The Bureau of Labor Statistics reported that in June alone, there were 1,643 mass layoff actions, resulting in 165,697 unemployment-insurance filings. Citigroup recently announced that layoffs could reach as many as 24,000. General Motors has announced that it will cut 30,000 jobs. Earlier this year, Yahoo announced it would lay off 1,000 employees. As if that weren't bad enough, the work force is coping with extraordinary price increases for oil, gas and food -- not exactly items that fall into the discretionary-funds category.
In the midst of this, companies face the dual challenge of executing fiscal responsibility in a down economy while still maximizing revenue and increasing market share. Both of those efforts have the employee as the central focus, either as an expense item or as a revenue generator.
It doesn't take a Ph.D. in organizational development to realize that companies face a significant challenge. It does, however, require that employers recognize that challenges in a downturn can be mitigated if they view employees with the same critical eye as they view customers. Seek to understand what drives them (yes, something beyond compensation). Develop an employment marketing strategy that aligns employee drivers with business objectives. Then use that strategy to deliver the tenets of your employer brand.
|ABOUT THE AUTHOR|
Rob O'Keefe is VP-brand strategy at TMP Worldwide Advertising and Communications.
In the same way you enhance customer loyalty through a rational and emotional connection to your brand you can create connections with employees. Of course, that requires a commitment to employer brand management -- the same commitment you would make to your product or service brand.
If there is bad news (for example, company performance), communicate it with transparency. If there is really bad news (layoffs would qualify here), don't drag it out. Act quickly and communicate with clarity. You still have a group of employees that need to be engaged.

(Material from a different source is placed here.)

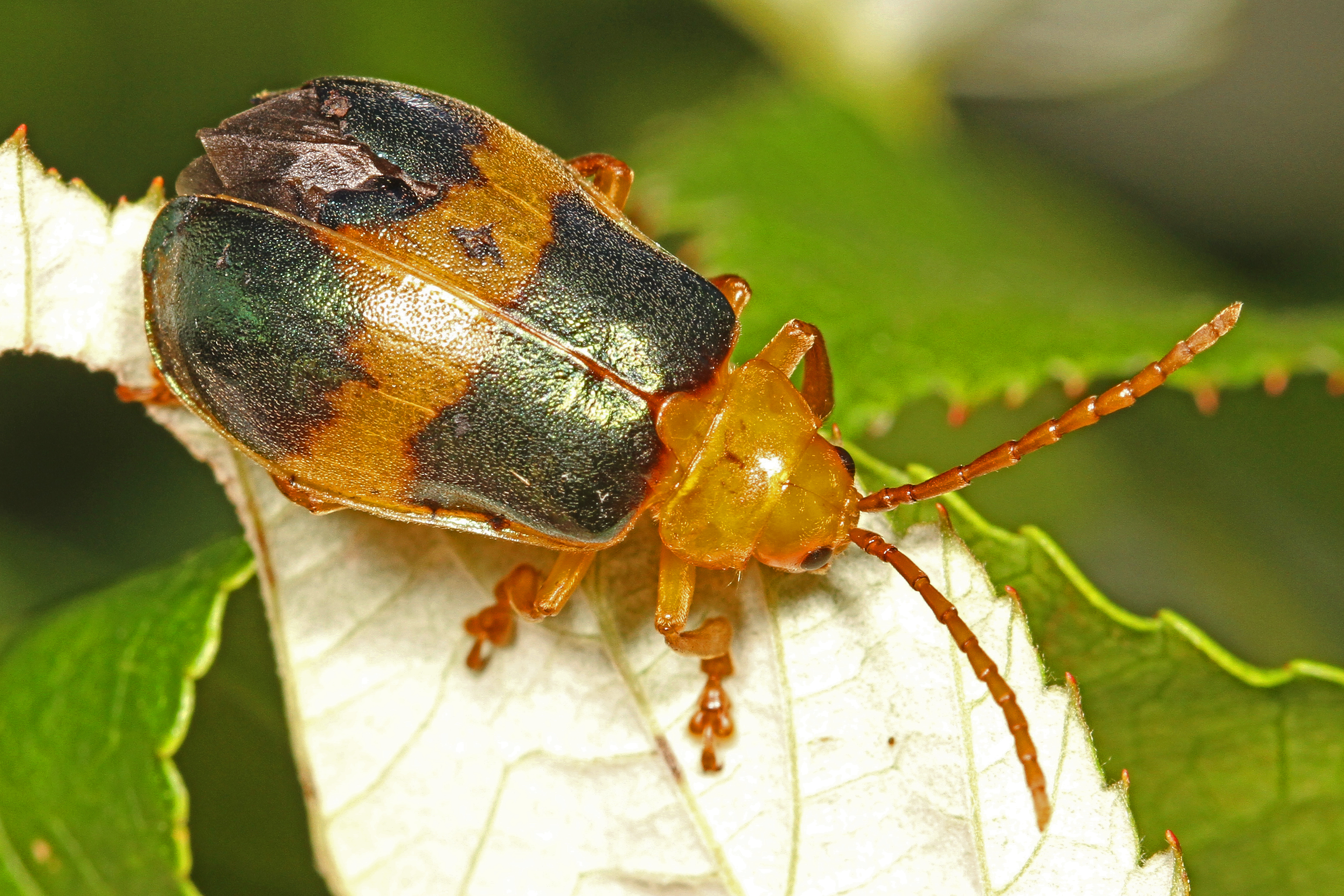 Larger Elm Leaf Beetle - Monocesta coryli, Thoroughfare Gap, Shenandoah National Park, Virginia.
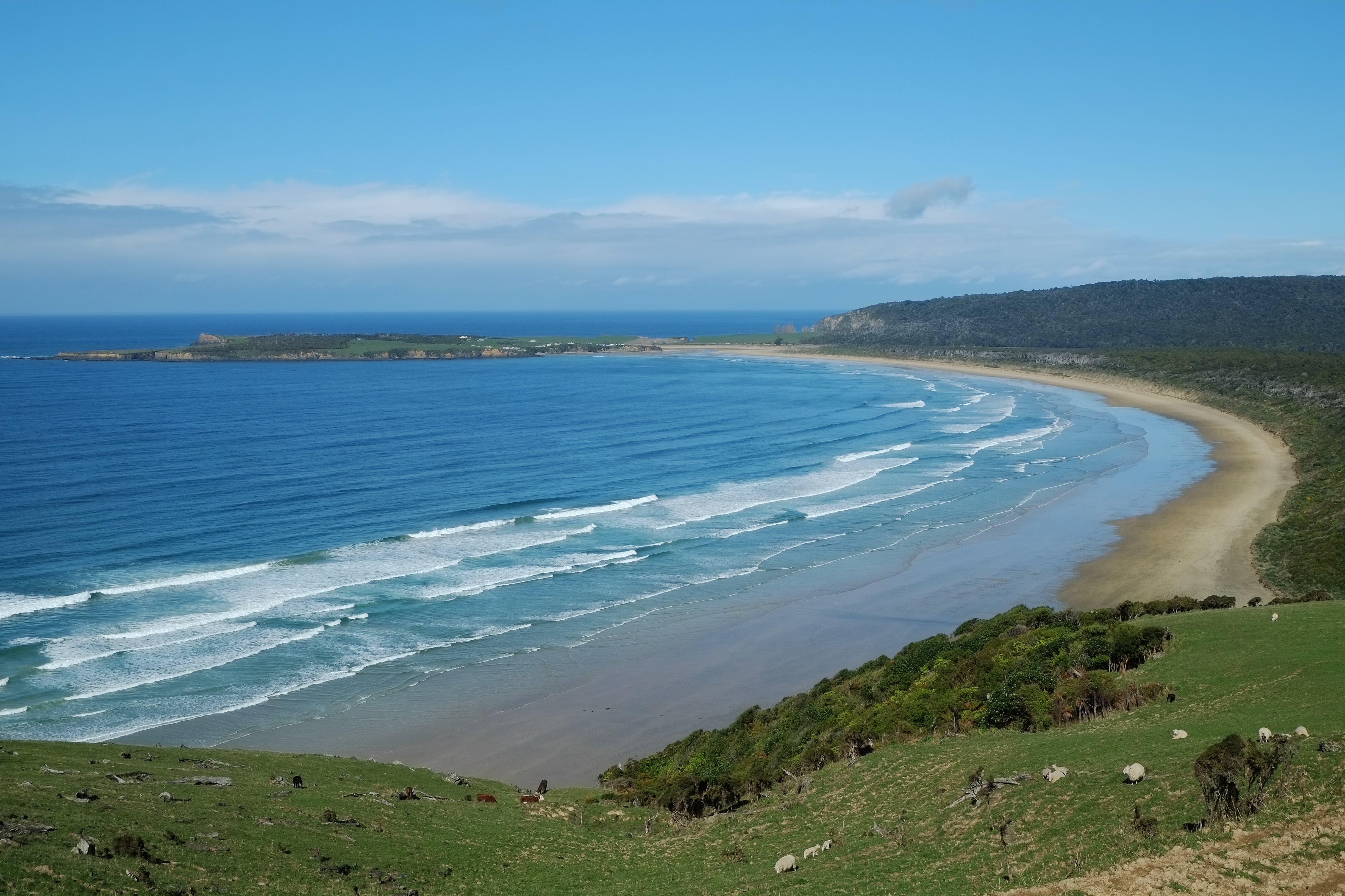 View from Florence Hill lookout over Tautuku Bay

As for those -- and future -- employees, development and active promotion of an employer brand tends to have three primary benefits. The first is broader and deeper engagement in fulfilling the company mission and achieving the corresponding objectives. The second is in mitigating pricing pressures. In the same way that a product brand tends to support pricing, an employer brand provides the employee with other reasons to remain with an organization that reduce reliance on compensation as a primary driver for job satisfaction. The third benefit has to do with attraction and retention efforts, specifically broadening access to a more desirable segment of the employment market -- the segment that tends to be the most engaged in achieving company objectives.
Any one of these should provide sufficient reason for marketing to your own employees. Remember, once the economy picks up, disengaged employees find it very easy to pack up.